Надежда Николаевна сделала пару нарочито сильных вдохов и выдохов, поднимая и опуская роскошную грудь и слегка разводя руками.
— Понимаете? Да где вам! Вы-то большой, у сил достанет.
Бокильон переглянулся с Сытиным, покраснел и отвернулся.
Мальчишка наконец отвалился от ушата, поднял голову, взглянул на взрослых, поежился:
— Зябко…
— Кто это тебя за ноги хватал? — спросил Сытин.
— Миллионщик один. Зуев. Его все знают. Осьмнадцать тыщ, кричит, отдам, только вынь меня отсель. Много это, дяденька?
— Да как сказать. Тебя кто наверх поднял?
— Тятька… И дяденьки какие-то.
— За сколько?
— Задаром. Молодой еще, говорят, так бежи отседа.
— Ну вот. Стало быть, молодость восемнадцати тысяч дороже.
Мальчишка почесал спину и вздохнул:
— Жалко… А гостинцы-то когда дарить станут? Правда, что первым коней дадут? А слона ученого где покажут?
Надежда Николаевна опустила лицо в ладони и заплакала. Мальчишка удивленно взглянул на нее, перевел взгляд на Бокильона, на Сытина.
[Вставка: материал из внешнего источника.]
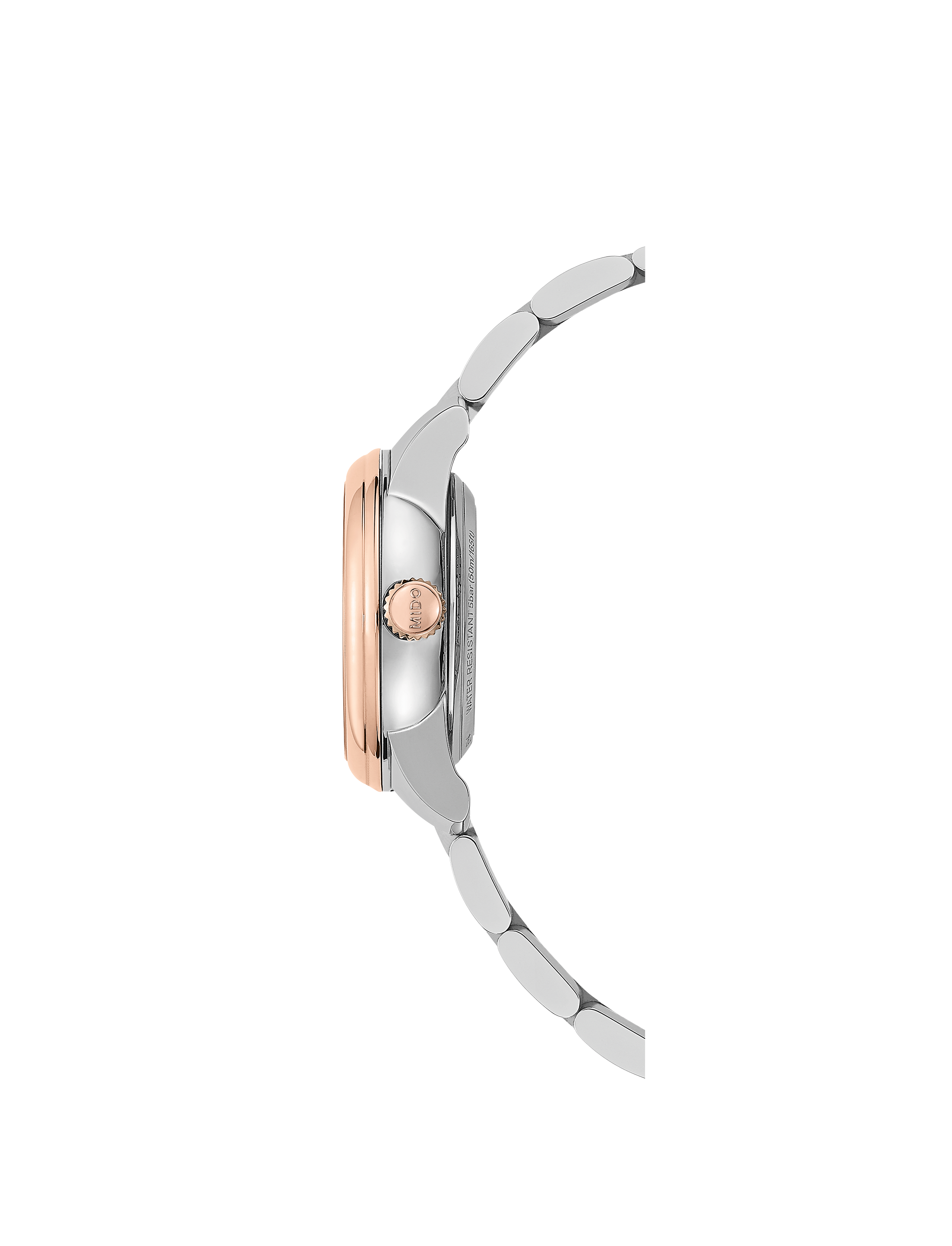 It may be small, but the Baroncelli Lady Twenty Five Swiss watch knows how to be the centre of attention. Everything is harmoniously incorporated inside the polished steel case, its 25mm in diameter presenting graceful and balanced lines. Timelessly chic, this classic timepiece refuses to be confined by trends and is brought to life by an automatic movement enhanced with a Nivachron™ balance-spring.
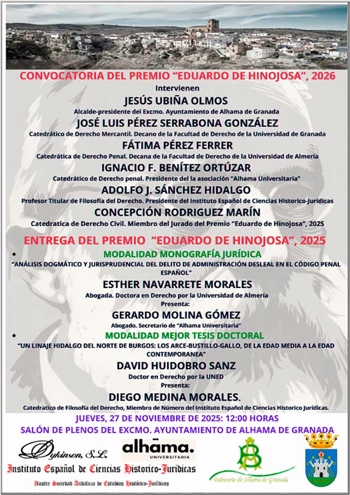 El acto contará con la presencia de Ignacio Francisco Benítez Ortuzar, catedrático de Derecho Penal, presidente de la asociación "Alhama Universitaria", Gerardo Molina Gómez, abogado y secretario de "Alhama Universitaria", José Luis Pérez Serrabona González, catedrático de Derecho Mercantil y Decano de la Facultad de Derecho de la Universidad de Granada, Fátima Pérez Ferrer, Catedrática de Derecho Penal y Decana de la Facultad de Derecho de la Universidad de Almería, Adolfo J. Sánchez Hidalgo: Profesor Titular de Filosofía del Derecho. Presidente del Instituto Español de Ciencias Histórico-Jurídicas, Diego Medina Morales, Catedrático de Filosofía del Derecho, Miembro de Número del Instituto Español de Ciencias Histórico-Jurídicas y Concepción Rodríguez Marín: Catedrática de Derecho Civil. Miembro del Jurado del Premio "Eduardo de Hinojosa" 2025.
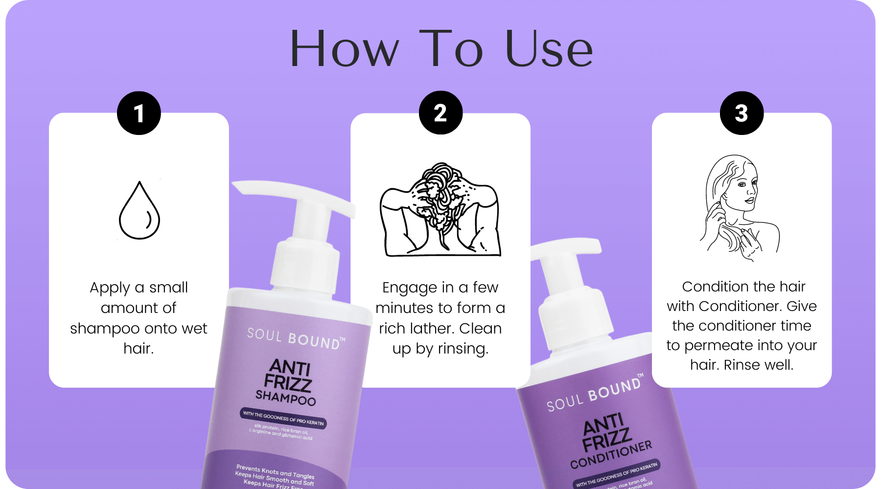 The Soul Bound Anti-Frizz Shampoo gently cleanses and nourishes hair, restoring strength and volume. Pro Keratin formula uses a unique blend of premium ingredients to help restore shine, elasticity and manageability.
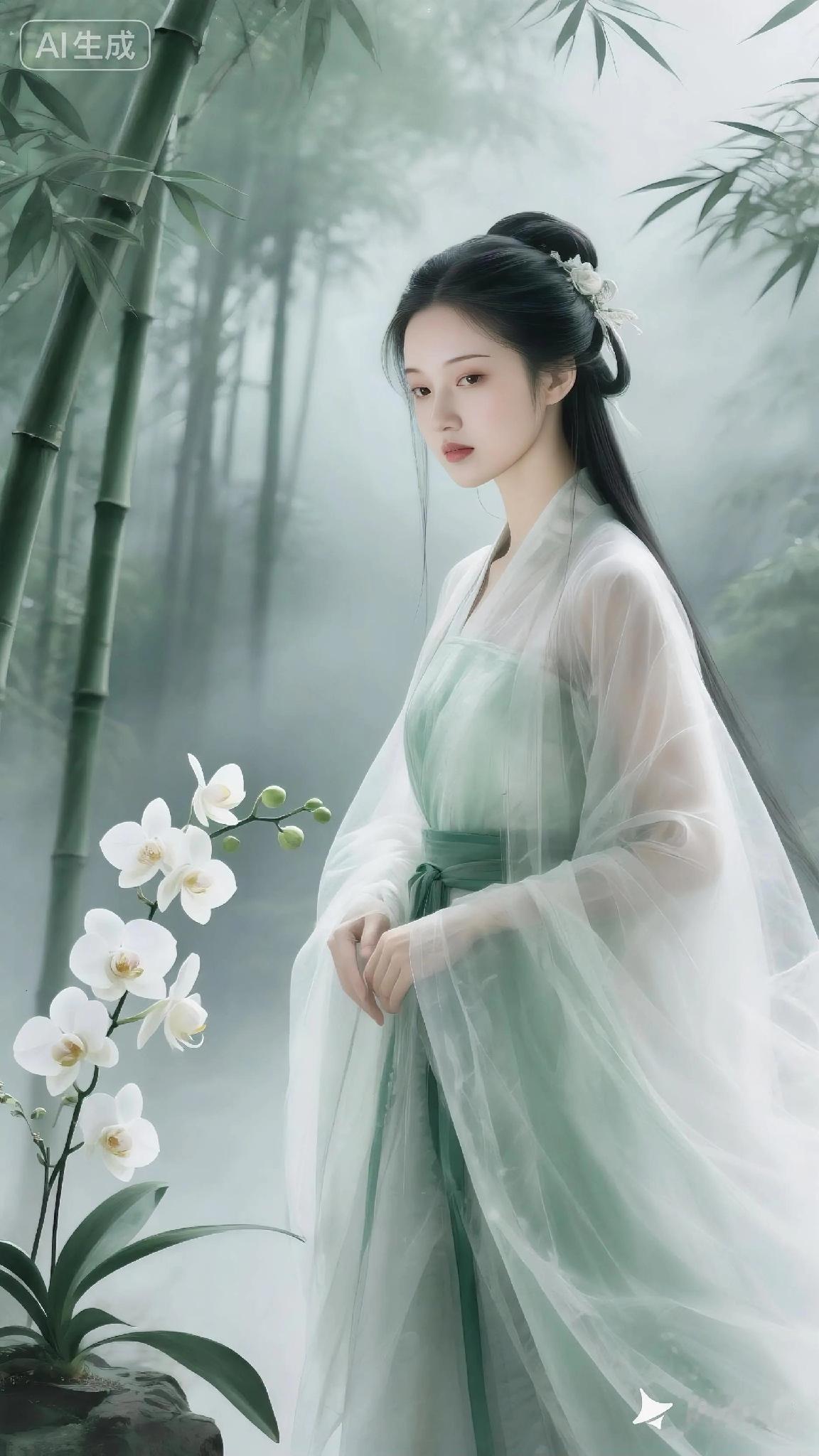 竹雾裹青衫,兰香落鬓边。 山风偷渡处,云影化春颜。
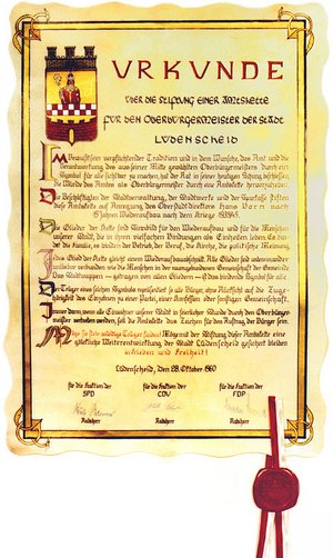 Urkunde über die Stiftung einer Amtskette für den Oberbürgermeister der Stadt Lüdenscheid
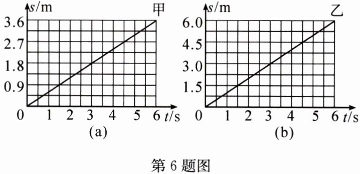 6. 甲、乙两车同时从 P 点出发,沿同一方向做匀速直线运动,两车的 s - t 图像分别如图(a)、(b)所示。两车先后到达距 P 点 18 m 的 Q 点处,时间差为 Δt,则( )
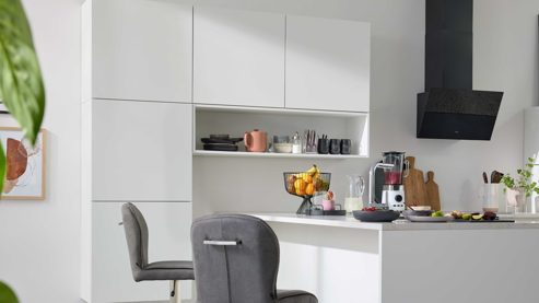 Auf der rechten Küchenzeile erwarten dich das Kochfeld, eine kopffreie Dunsthaube sowie Unterschränke mit Auszügen und Fronten mit Griffmulden. Zwei Geräteschränke integrieren Backofen und Kühlschrank ergonomisch und ordentlich.
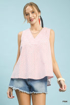 Mixed Stripe Sleeveless V-Neck Top- Pink
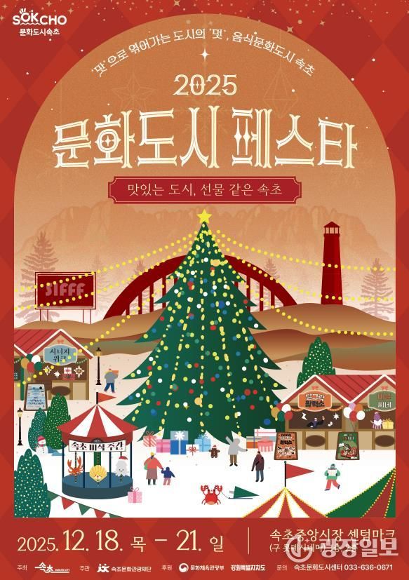 광장일보 이현나 기자 | (재)속초문화관광재단은 속초시의 대한민국 문화도시 1년 차 사업을 마무리하며 오는 12월 18일부터 21일까지 4일간 속초중앙시장 센텀마크(구 롯데시네마) 에서 대한민국 문화도시 성과공유회‘2025 문화도시 페스타’를 개최한다.
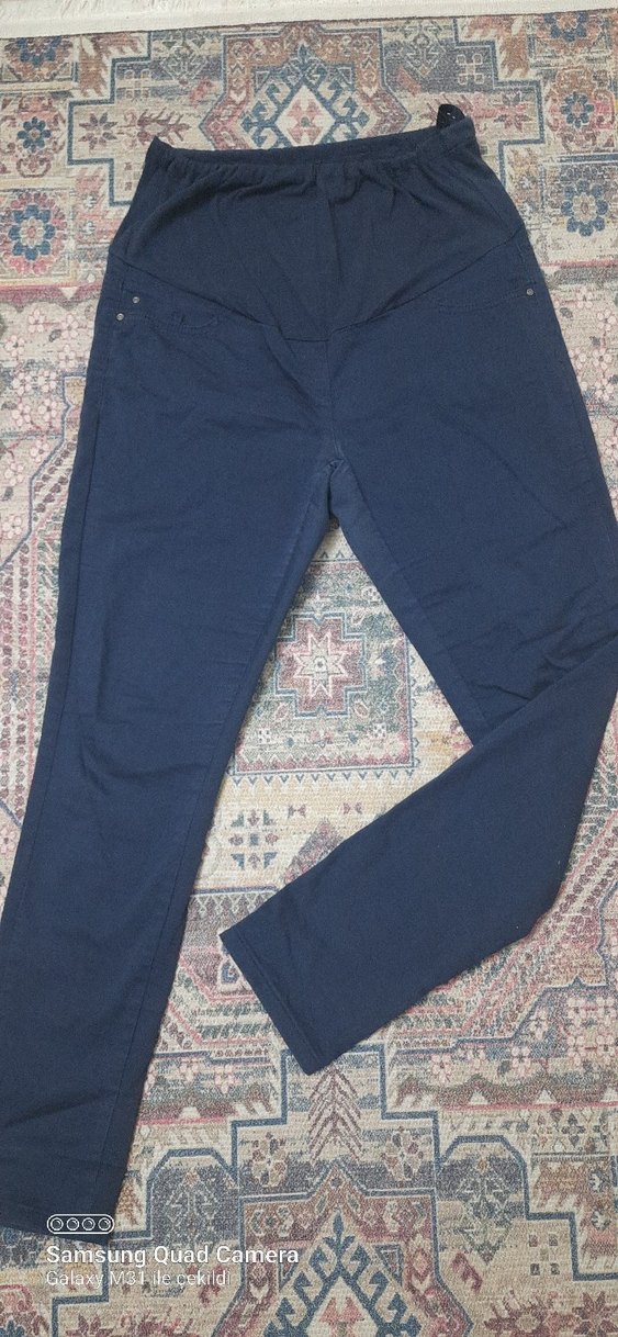 Lacivert renkte, normal boy ve regular fit hamile kot pantolon, günlük kullanım için rahat ve şık bir tercihtir.
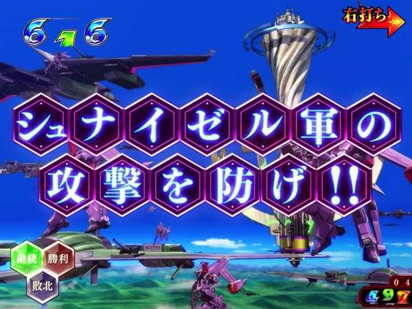 偶数図柄テンパイから発展。攻撃を防御できれば確変大当りor確変継続、失敗すると4R大当り=確変終了のピンチだ。
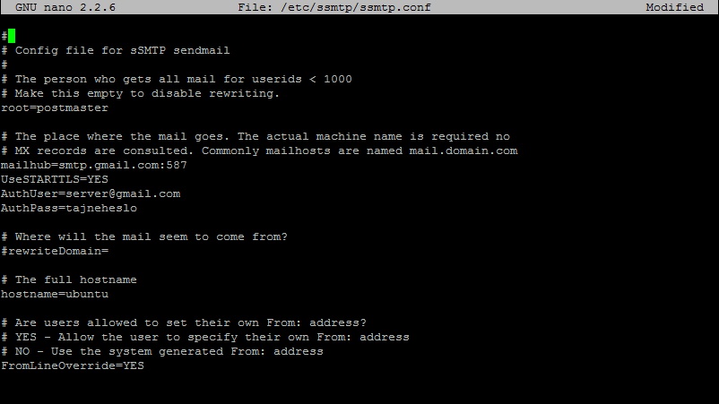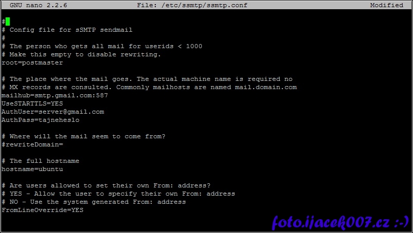 konfigurace ssmtp

— Надежда Николаевна! — робко произнес Бокильон.
— Зачем? — плакала Надежда Николаевна. — Господи, зачем это всё? Праздник!
Бокильон пожал плечами, хотя Надежда Николаевна не могла его видеть.
— Перестаньте, ради Бога, плакать. Это, сударыня, народу урок дается — мрачно сказал Сытин. — И даже не от правительства. Нет. Брать надо выше.
— Что вы хотите сказать? — обернулась Надежда Николаевна.
— Это предупреждение. Иногда природа нарочно животных собирает, чтобы вся стая покончила с собой. Вот и здесь то же. Хотя и имеет вид разумного сборища. Не разумное это сборище. Нет. Возможно, ради той, высшей задачи оно и собралось. А вовсе не за этими кружками.
— Вы тоже нитшеанец — всхлипнула Надежда Николаевна.
Сытин вздохнул и развел руками:
— Толпа умнеет только через горе. Другого способа нет.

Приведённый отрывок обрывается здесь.